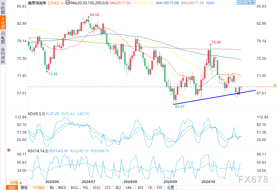 汇通财经APP讯——周四(10月31日)欧盘时段,WTI原油期货在盘中下探至68.3后反转,目前小幅上涨,报69.10美元,涨幅0.71%。
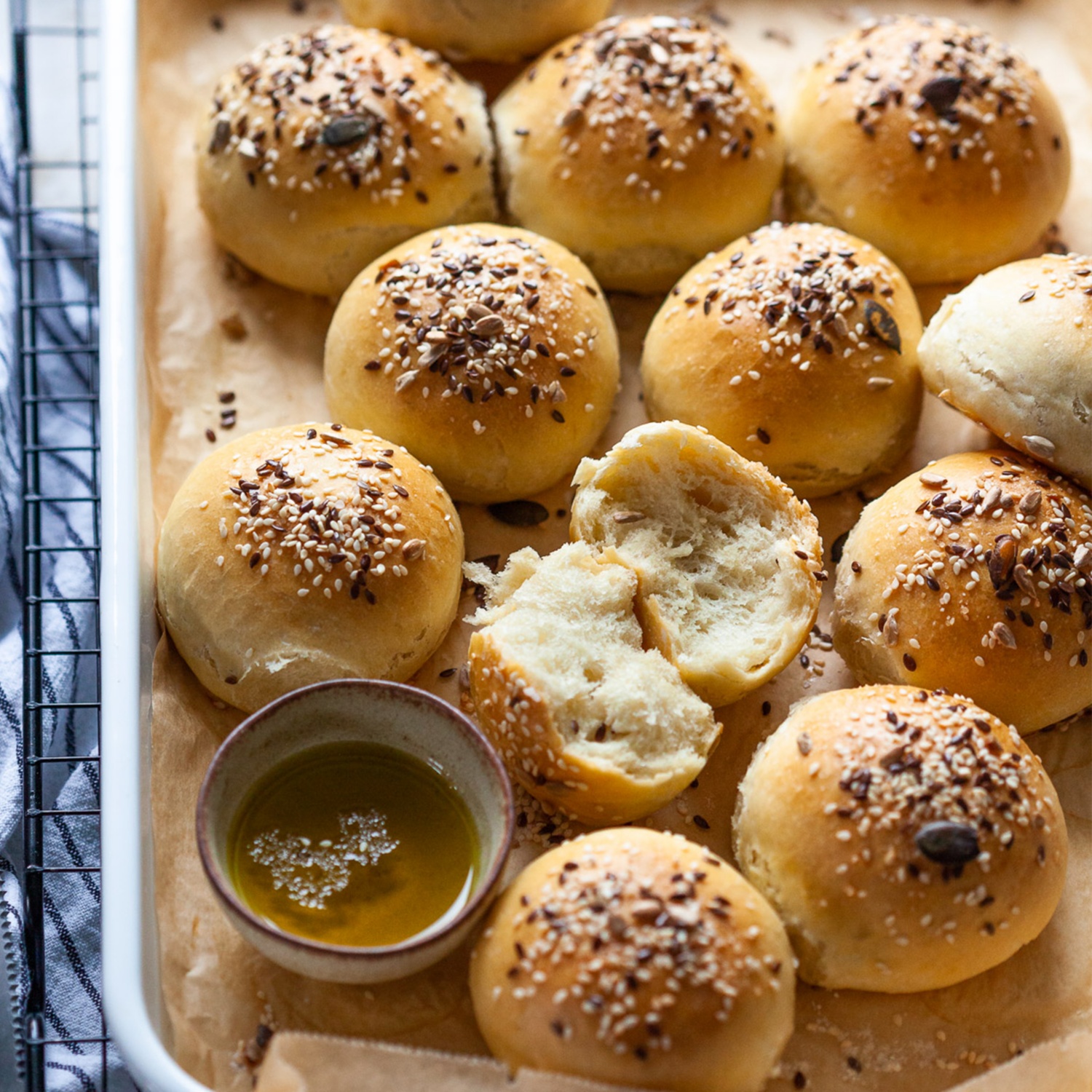 Den Teig in 12 gleichgroße Stücke teilen und zu runden Teiglingen formen. Auf ein Backblech geben und weitere 30 Minuten gehen lassen. Den Ofen auf 190°C Heißluft vorheizen.
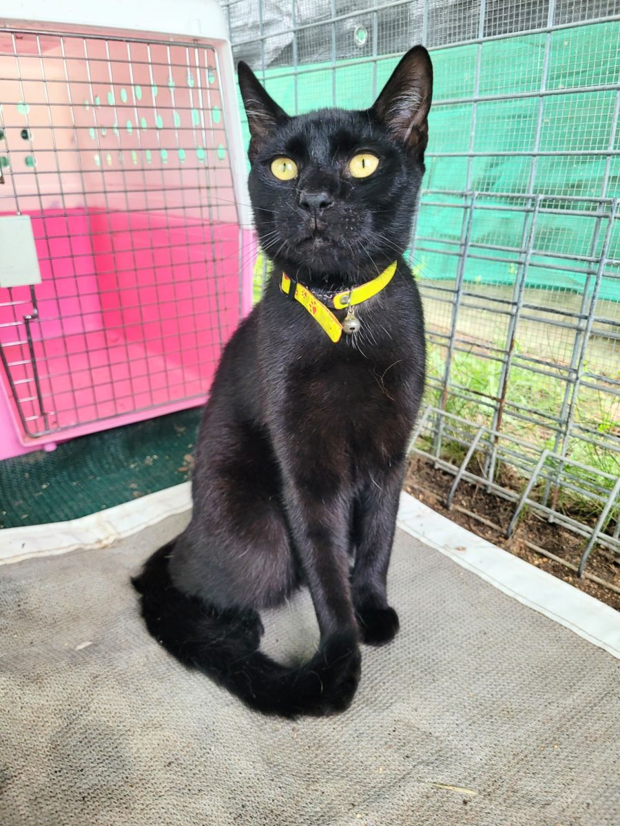 Ace is looking for his very own forever home. He is a very handsome black cat with brightly colored eyes. He loves to have a chat and will head butt into your leg for cuddles. He enjoys smooches and is always excited to find out what's for dinner. He is great with other cats and would prefer a adult family.
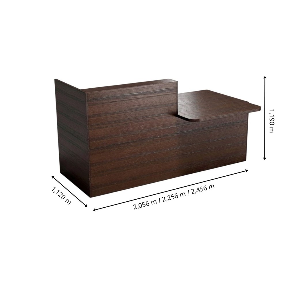 Le meuble de réception Tera est pensé pour offrir un espace d’accueil élégant et inclusif. Sans réhausse ni LED (possible en option), il conserve une ligne sobre et moderne. Un côté plus bas, situé à gauche ou à droite selon la configuration choisie, permet un accueil facilité des personnes à mobilité réduite.
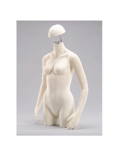 Torso de mujer de sobremesa con brazos flexibles y remate en top metálico. El cuerpo está fabricado en poliéster y fibra de vidrio y los brazos en espuma de poliuretano, lo que permite darle multitud de posiciones. El torso y los brazos están tapizados en tela de algodón color beige. Además, incluye complemento para exponer sombreros que puede poner y quitar. El torso está diseñado para su uso en estantes y/o sobre mesa por lo que no se puede utilizar con soporte.

What is required:
Line by line, write out the material above exactly, with no images.

Exercise answer:
 汇通财经APP讯——周四(10月31日)欧盘时段,WTI原油期货在盘中下探至68.3后反转,目前小幅上涨,报69.10美元,涨幅0.71%。
 Den Teig in 12 gleichgroße Stücke teilen und zu runden Teiglingen formen. Auf ein Backblech geben und weitere 30 Minuten gehen lassen. Den Ofen auf 190°C Heißluft vorheizen.
 Ace is looking for his very own forever home. He is a very handsome black cat with brightly colored eyes. He loves to have a chat and will head butt into your leg for cuddles. He enjoys smooches and is always excited to find out what's for dinner. He is great with other cats and would prefer a adult family.
 Le meuble de réception Tera est pensé pour offrir un espace d’accueil élégant et inclusif. Sans réhausse ni LED (possible en option), il conserve une ligne sobre et moderne. Un côté plus bas, situé à gauche ou à droite selon la configuration choisie, permet un accueil facilité des personnes à mobilité réduite.
 Torso de mujer de sobremesa con brazos flexibles y remate en top metálico. El cuerpo está fabricado en poliéster y fibra de vidrio y los brazos en espuma de poliuretano, lo que permite darle multitud de posiciones. El torso y los brazos están tapizados en tela de algodón color beige. Además, incluye complemento para exponer sombreros que puede poner y quitar. El torso está diseñado para su uso en estantes y/o sobre mesa por lo que no se puede utilizar con soporte.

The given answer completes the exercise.